$$\Sigma(2,F)=\left\{\begin{bmatrix}a&b\\1-a&1-b\end{bmatrix},a,b\in F\right\}$$
$${\rm Aff}(1,F)=\left\{\begin{bmatrix}a&b\\0&1\end{bmatrix},a\neq 0,a,b\in F\right\}$$
First I tried linear transformation:
$\begin{bmatrix}c&d\\e&f\end{bmatrix}\begin{bmatrix}a&b\\1-a&1-b\end{bmatrix}=\begin{bmatrix}ca+d(1-a)&cb+d(1-b)\\ea+f(1-a)&eb+f(1-b)\end{bmatrix}$
I want $eb+f(1-b)=1$ for any $b\in F$. Then it must be $e=f=1$. But I also want $ea+f(1-a)=0$. This is impossible.
Your parametrization of $\Sigma(2,F)$ isn't entirely correct; if $a=b$ then the matrix is singular.

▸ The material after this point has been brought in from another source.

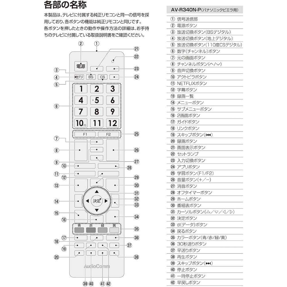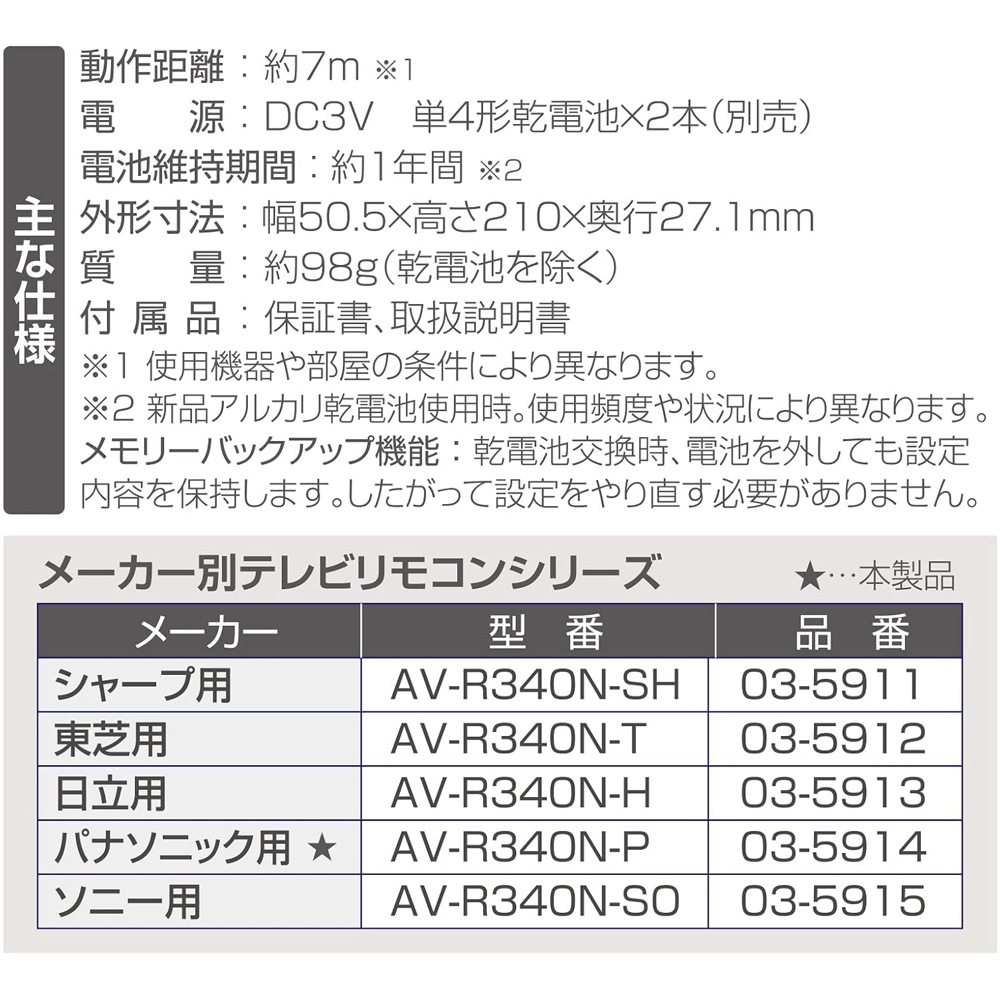 【 Features 】 ● Ready to use immediately and can be customized; dedicated TV remote control for Panasonic VIERA ● Manufacturer code preset; frequently used functions can be registered ● Includes 58 main buttons of the genuine remote + 2 buttons for learning registration 【 Specifications 】 ■ Compatible models guide ○: Panasonic terrestrial/BS/CS digital TVs △: Panasonic DVD/Blu-ray/HDD built-in TVs (operation such as playback or recording may not be possible) ×: Non-Panasonic terrestrial/BS/CS digital TVs, non-Panasonic DVD/Blu-ray/HDD built-in TVs, analog TVs (all manufacturers), TV-VCR combo units (all manufacturers) ■ Operating distance: Approx. 7m (varies depending on devices and room conditions) ■ Power supply: DC 3V, 2 AAA batteries (sold separately) ■ Battery life: Approx. 1 year (when using new alkaline batteries) *Varies with usage frequency ■ Dimensions: Width 50.5 × Height 210 × Depth 27.1 mm ■ Weight: Approx. 98 g (excluding batteries) ■ Accessories: Warranty card, instruction manual ■ Memory backup function: Settings are saved even when batteries are removed during replacement. ≪ Notes ≫ * This product was developed based on devices released from 2012 to March 2018, but it may not be usable with some devices, or some functions may not be operable. - Only for devices equipped with infrared remote control. - Functions not available on the TV or its original remote cannot be used by this product. - This product supports only Japanese domestic models. Operation on TVs sold overseas is not guaranteed. Applicable models include: TH-77EZ1000, TH-65EZ1000, TH-65EZ950, TH-65EX780, TH-60EX850, TH-S60EX850, TH-55EZ950, TH-55EX750, TH-55EX850, TH-S55EX850, TH-55EX600, TH-49EX850, TH-S49EX850, TH-49EX750, TH-49EX600, TH-49E300, TH-43EX750, TH-43EX600, TH-43E300, TH-32ES500, TH-32E300, TH-24ES500, TH-24E300, TH19E300, TH-65DX950, TH-60DX850, TH-S60DX850, TH-58DX950, TH-58DX800, TH-58DX770, TH-55DX850, TH-S55DX850, TH-55DX750, TH-50DX800, TH-50DX770, TH-49DX850, TH-S49DX850, TH-49DX750, TH-49DX600, TH-49D305, TH-49D300, TH-43DX750, TH-43D305, TH-43D300, TH-40DX600, TH-32D325, TH-32D320, TH-32D305, TH-32D300, TH-24D325, TH-24D320, TH-24D305, TH-24D300, TH-19D300, TH-60CX800, TH-S60CX800, TH-60CX800N, TH-55CX800, TH-S55CX800, TH-55CX800N, TH-55CX700, TH-55CS600, TH-50CX700, TH-50C300, TH-50C305, TH-49CX800, TH-S49CX800, TH-49CX800N, TH-49CS650, TH-43CS650, TH-42C300, TH-42C305, TH-40CX700, TH-32C320, TH-32C300, TH-32C325, TH-32C305, TH-24C320, TH-24C300, TH-24C325, TH-24C305, TH-19C300, TH-19C305, TH-85AX900, TH-65AX900, TH-65AX800, TH-58AX800, TH-58AX800F, TH-55AX900, TH-55AX900F, TH-55AX700, TH-55AS800, TH-55AS650, TH-S55AS650, TH-50AX800, TH-50AX800F, TH-50A1SS, TH-50AS630, TH-50A305, TH-50A300, TH-48AX700, TH-47AS800, TH-47AS650, TH-S47AS650, TH-42AS650, TH-S42AS650, TH-42AS600, TH-40AX700, TH-39A305, TH-39A300, TH-32A1SS, TH-32A320, TH-32A305, TH-32A300, TH-24A300, TH-L65WT600, TH-P65VT60, TH-L60FT60, TH-P55VT60, TH-P55GT60, TH-L55FT60, TH-L55DT60, TH-P50GT60, TH-L50E60, TH-L50C65, TH-L50C60, TH-L47FT60, TH-L47DT60, TH-L42FT60, TH-L42DT60, TH-42LDT60, TH-L42E60, TH-L39C60, TH-L32X6, TH-L32C6, TH-L24X6, TH-L24C6, TH-P65ZT5, TH-P60VT5, TH-P60GT5, TH-P55VT5, TH-P55GT5, TH-L55WT5, TH-L55DT5, TH-L55ET5, TH-P55VT55, TH-P50VT5, TH-P50GT5, TH-P50ZT5, TH-P50VT55, TH-L47WT5, TH-L47DT5, TH-L47ET5, TH-P42GT5, TH-L42DT5, TH-L42ET5, TH-L42E5, TH-P42GT55, TH-L37ET5, TH-L37C5, TH-L32ET5, TH-L32X50, TH-L32X5, TH-L32C50, TH-L32C5, TH-L26C5, TH-L23X50, TH-L23X5, TH-L23C5, TH-L19X50, TH-L19X5, TH-L19C50, TH-L19C5, TH-L19CF5

And more critically, linear transformation as you've written it (multiplying by some fixed matrix $M$) doesn't preserve the group product; $(MA)(MB)\neq M(AB)$. You probably want to conjugate your matrix $A\in\Sigma(2,F)$ by some matrix M; that is, to look at $MAM^{-1}$. The most straightforward way of doing this is to try and solve $MA=BM$ for $A=\left(\begin{smallmatrix}\alpha&\beta\\ 1-\alpha&1-\beta\end{smallmatrix}\right)\in\Sigma(2,F)$ and $B=\left(\begin{smallmatrix}a&b\\ 0&1\end{smallmatrix}\right)\in\mathrm{Aff}(1,F)$.